---------- RECORDED DATA
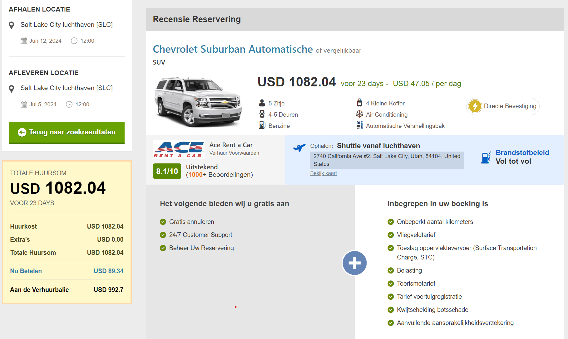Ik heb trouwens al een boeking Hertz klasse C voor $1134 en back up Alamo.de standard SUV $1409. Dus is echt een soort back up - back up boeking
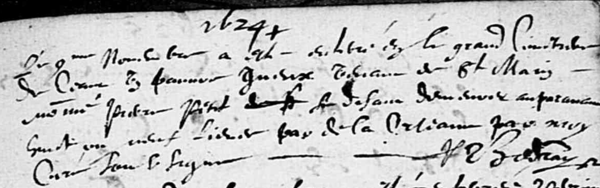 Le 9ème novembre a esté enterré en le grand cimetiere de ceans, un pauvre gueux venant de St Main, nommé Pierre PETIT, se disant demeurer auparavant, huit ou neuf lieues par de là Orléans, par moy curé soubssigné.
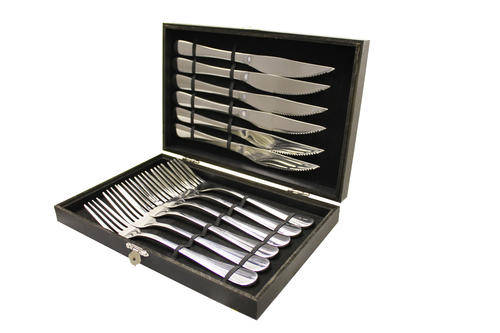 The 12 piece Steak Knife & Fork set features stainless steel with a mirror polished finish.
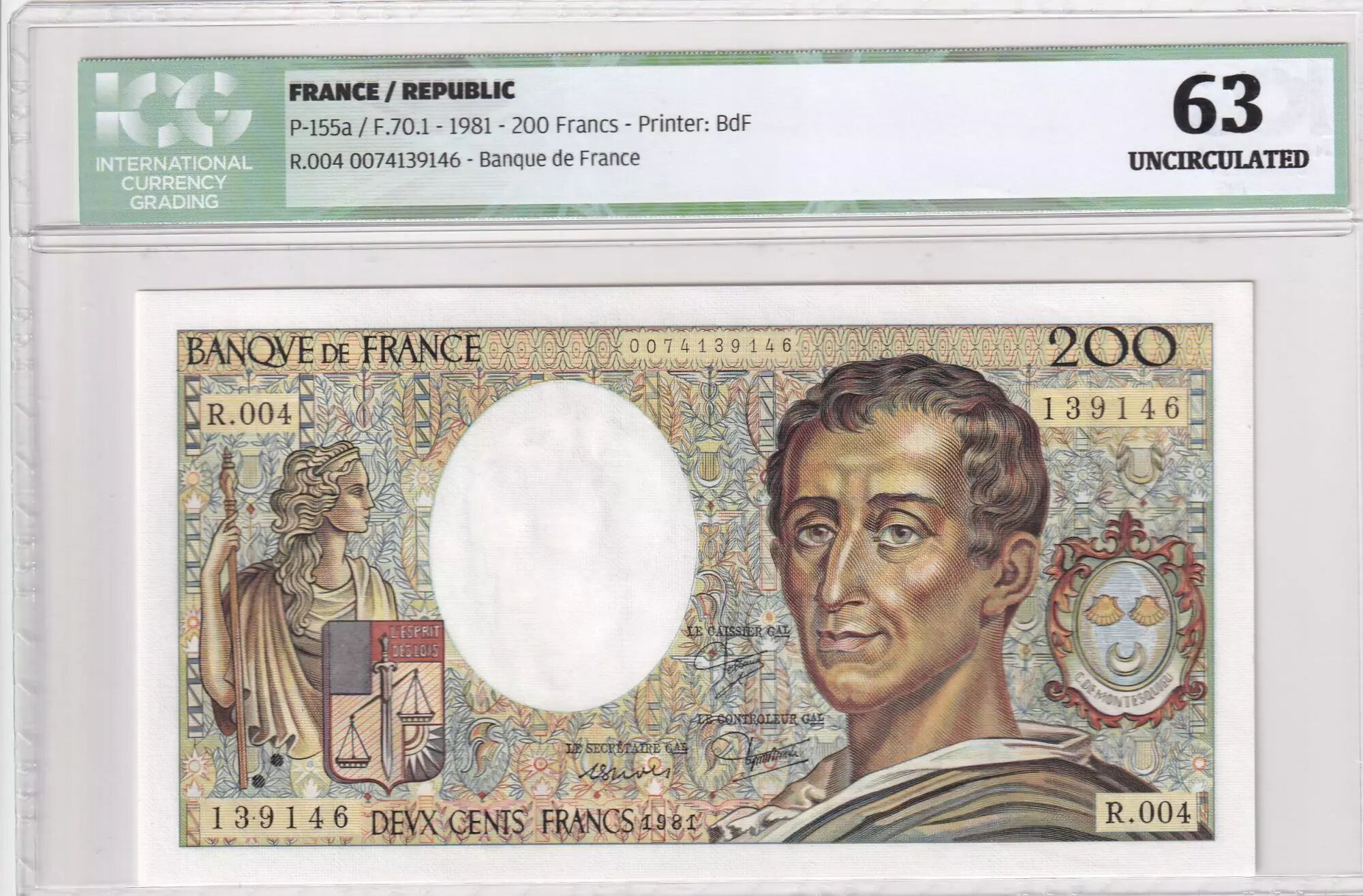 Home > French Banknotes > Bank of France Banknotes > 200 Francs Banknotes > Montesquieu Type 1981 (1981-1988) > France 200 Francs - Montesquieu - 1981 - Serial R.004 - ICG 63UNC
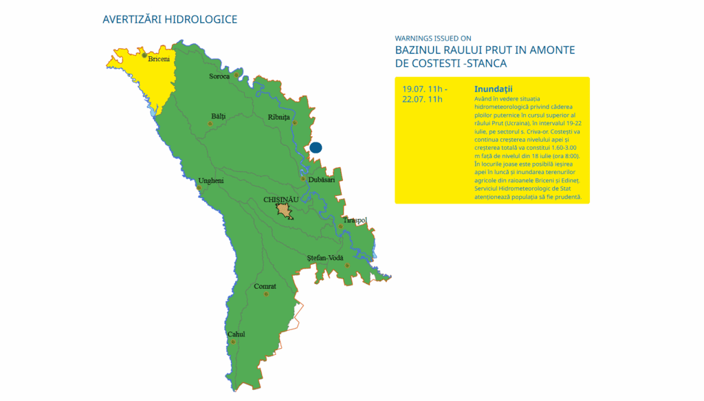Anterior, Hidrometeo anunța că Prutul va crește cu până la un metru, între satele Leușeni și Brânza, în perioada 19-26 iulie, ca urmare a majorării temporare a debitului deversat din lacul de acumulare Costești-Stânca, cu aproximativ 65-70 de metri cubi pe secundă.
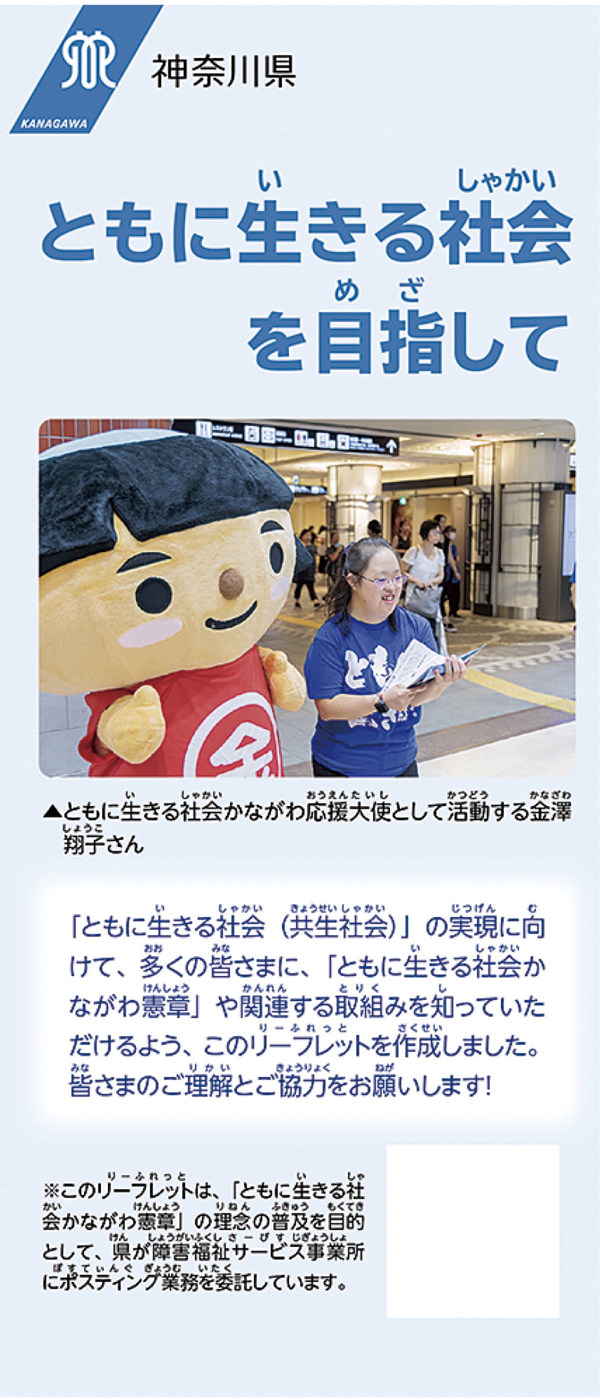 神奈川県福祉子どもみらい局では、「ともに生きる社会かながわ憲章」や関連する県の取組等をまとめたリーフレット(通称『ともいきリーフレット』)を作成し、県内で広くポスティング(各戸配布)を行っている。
--------------------
▶ **ACTIVITY**
Write out the entries above in full and exactly; no pictures.

▶ **RESPONSE AREA**
Ik heb trouwens al een boeking Hertz klasse C voor $1134 en back up Alamo.de standard SUV $1409. Dus is echt een soort back up - back up boeking
 Le 9ème novembre a esté enterré en le grand cimetiere de ceans, un pauvre gueux venant de St Main, nommé Pierre PETIT, se disant demeurer auparavant, huit ou neuf lieues par de là Orléans, par moy curé soubssigné.
 The 12 piece Steak Knife & Fork set features stainless steel with a mirror polished finish.
 Home > French Banknotes > Bank of France Banknotes > 200 Francs Banknotes > Montesquieu Type 1981 (1981-1988) > France 200 Francs - Montesquieu - 1981 - Serial R.004 - ICG 63UNC
Anterior, Hidrometeo anunța că Prutul va crește cu până la un metru, între satele Leușeni și Brânza, în perioada 19-26 iulie, ca urmare a majorării temporare a debitului deversat din lacul de acumulare Costești-Stânca, cu aproximativ 65-70 de metri cubi pe secundă.
 神奈川県福祉子どもみらい局では、「ともに生きる社会かながわ憲章」や関連する県の取組等をまとめたリーフレット(通称『ともいきリーフレット』)を作成し、県内で広くポスティング(各戸配布)を行っている。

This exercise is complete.